Rektor dan Mahasiswa Unisa Kompak Menolak Aksi Kekerasan
Indonesia akan terus maju jika seluruh elemen bangsa mengedepankan keadilan, persatuan dan kebijaksanaan.
KORANBERNAS.ID, SLEMAN -- Situasi nasional yang memanas pasca-aksi unjuk rasa di berbagai daerah mendorong Universitas ‘Aisyiyah (UNISA) Yogyakarta menyatakan sikap moral. Rektor UNISA Dr Warsiti S Kp M Kep Sp Mat maupun mahasiswa kompak menyatakan gaskan jatuhnya korban jiwa dan luka-luka dalam demonstrasi terakhir adalah tragedi kemanusiaan yang tidak boleh terulang.
“UNISA Yogyakarta menyampaikan duka cita mendalam atas jatuhnya korban jiwa maupun luka-luka dalam peristiwa demonstrasi. Negara wajib hadir memberikan perlindungan dan pemulihan bagi mereka yang terdampak,” kata Warsiti, Senin (1/9/2025).

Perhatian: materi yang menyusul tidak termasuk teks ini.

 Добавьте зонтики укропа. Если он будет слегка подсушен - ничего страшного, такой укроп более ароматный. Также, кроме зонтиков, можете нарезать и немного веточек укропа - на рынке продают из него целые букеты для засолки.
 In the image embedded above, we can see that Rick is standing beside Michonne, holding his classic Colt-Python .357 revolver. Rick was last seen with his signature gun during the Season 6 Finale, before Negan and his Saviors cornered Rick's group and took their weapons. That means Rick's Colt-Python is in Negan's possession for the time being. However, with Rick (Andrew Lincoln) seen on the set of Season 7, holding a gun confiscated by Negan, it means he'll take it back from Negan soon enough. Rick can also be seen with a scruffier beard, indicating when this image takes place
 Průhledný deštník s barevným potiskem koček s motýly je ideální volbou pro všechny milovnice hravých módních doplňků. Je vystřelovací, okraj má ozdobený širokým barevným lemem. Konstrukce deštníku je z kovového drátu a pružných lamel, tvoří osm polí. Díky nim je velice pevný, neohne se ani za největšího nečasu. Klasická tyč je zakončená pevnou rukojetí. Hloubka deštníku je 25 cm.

Dalam sepuluh poin pernyataannya, UNISA menuntut transparansi hukum, terutama terkait kasus meninggalnya Affan Kurniawan, seorang pengemudi ojek online yang tewas saat demonstrasi. Proses hukum harus berjalan adil, terbuka, dan tidak diskriminatif agar memberi kepastian hukum dan rasa keadilan bagi masyarakat.

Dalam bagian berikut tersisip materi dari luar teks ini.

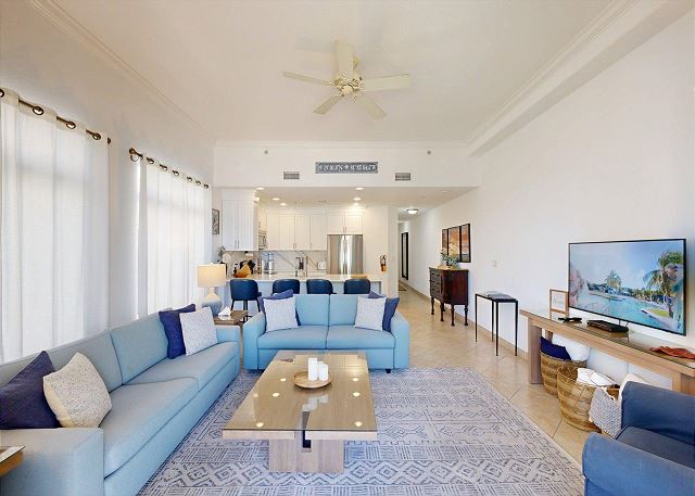 Inside, the interiors feature elevated ceilings, cool tiled floors, and modern fixtures. Central air conditioning, complimentary high-speed wifi, and satellite television programming will keep you cool and connected throughout your stay.
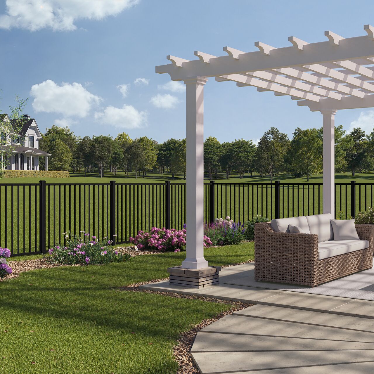 Whether in the front or back of your home, boost both security and aesthetics with a modern, airy picket profile that creates a neutral backdrop for flowering shrubs and leafy evergreens.
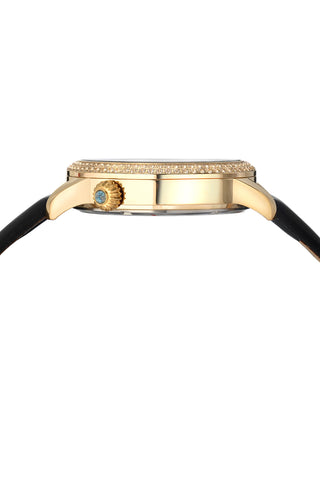 Elegant and striking, the Evelyn features a mother‑of‑pearl dial in black, housed in a gold‑tone round stainless steel case. Paired with a genuine leather strap, protected by a sapphire‑coated crystal, accented with radiant topaz—a timeless piece that balances style and luxury.
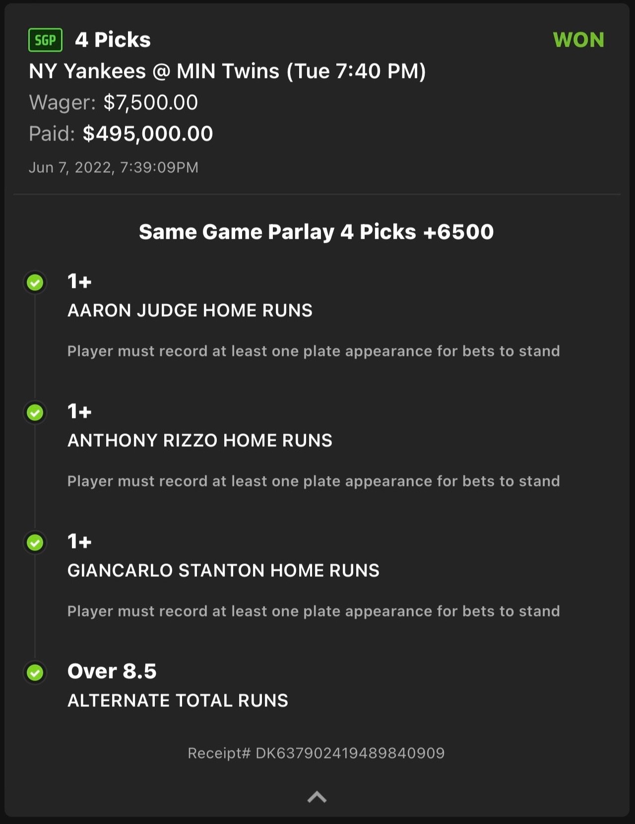 Moneylines game totals bets against the spread. Parlay A Parlay bet is a bet placed on multiple outcomes to occur. Here are my same-game parlay picks for Tuesdays matchup between the Yankees and Mets odds via DraftKings Sportsbook.
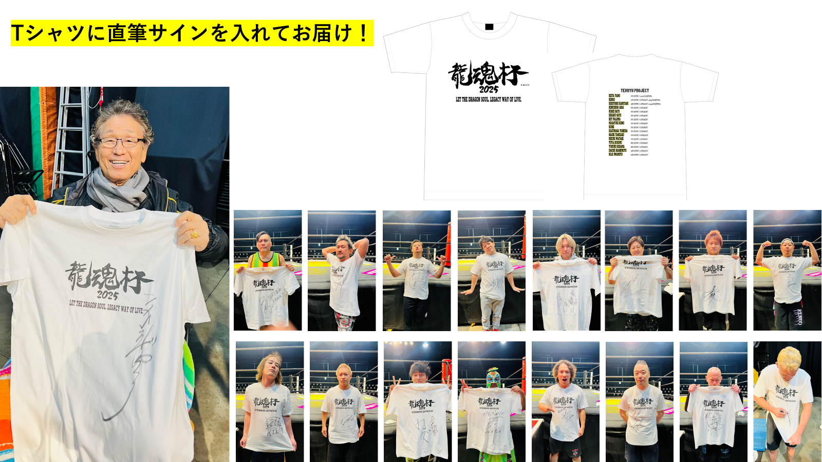 また、実際に選手が着用した龍魂杯2025Tシャツも着用選手の直筆サイン入り!そして限定非売品タオルも加えたスペシャルな3点セットでお届けします!
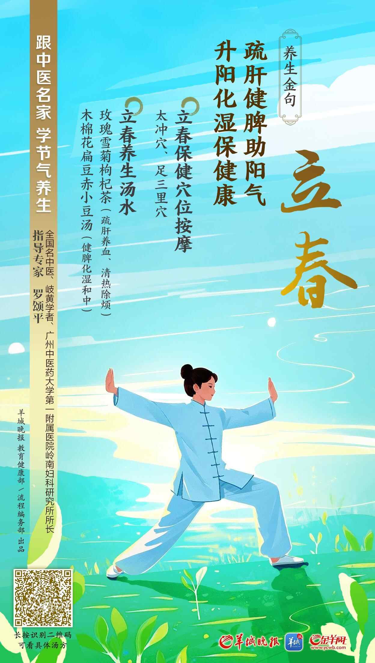 初春寒湿如何化解?春季应如何养生?春天如何运动生阳?全国名中医、岐黄学者、广州中医药大学第一附属医院岭南妇科研究所所长罗颂平提醒,春气养生,首重户外运动,阳气升而肝气畅。此时记住四句养生金句:“一年之计在于春,未雨绸缪正此时。疏肝健脾助阳气,升阳化湿保健康。”

UNISA juga menolak segala bentuk kekerasan dalam penyampaian pendapat. Menyuarakan aspirasi, menurut Warsiti, adalah hak konstitusional warga negara yang harus dilindungi.
Tidak merusak
Selain itu, UNISA menyerukan agar masyarakat yang berunjuk rasa tetap menjaga nilai demokrasi, tidak merusak fasilitas umum, tidak terprovokasi dan memperjuangkan aspirasi dengan santun, damai serta bertanggung jawab. “Indonesia akan terus maju jika seluruh elemen bangsa mengedepankan keadilan, persatuan dan kebijaksanaan,” kata Warsiti.
Suara yang lebih lantang datang dari mahasiswa UNISA. Presiden Mahasiswa UNISA, Lukmannul Hakim, menilai krisis-krisis terkini memperlihatkan wajah buram demokrasi di Indonesia.
“Ketidakadilan dibiarkan, rakyat ditindas, demokrasi dibungkam. Mahasiswa tidak bisa tinggal diam. Suara mahasiswa bukan sekadar kritik, melainkan tanda bahaya bahwa sistem mulai retak,” ujarnya.
Atas dasar itu, UNISA Bergerak mengajukan delapan tuntutan konkret yaitu reformasi kepolisian dengan penghentian represi aparat, evaluasi komunikasi publik agar tidak memicu kepanikan, penghentian pemborosan anggaran DPR terutama tunjangan mewah, peningkatan kesejahteraan guru dan dosen, evaluasi distribusi Program Makan Bergizi Gratis agar tepat sasaran, penghentian kriminalisasi pers, jaminan keamanan bagi tenaga medis di lapangan serta penolakan pengalihan isu berbasis SARA yang dinilai merusak persatuan bangsa.
Fokus subtansi
Hakim menekankan tuntutan itu bukan sekadar retorika melainkan jalan untuk mengembalikan semangat reformasi.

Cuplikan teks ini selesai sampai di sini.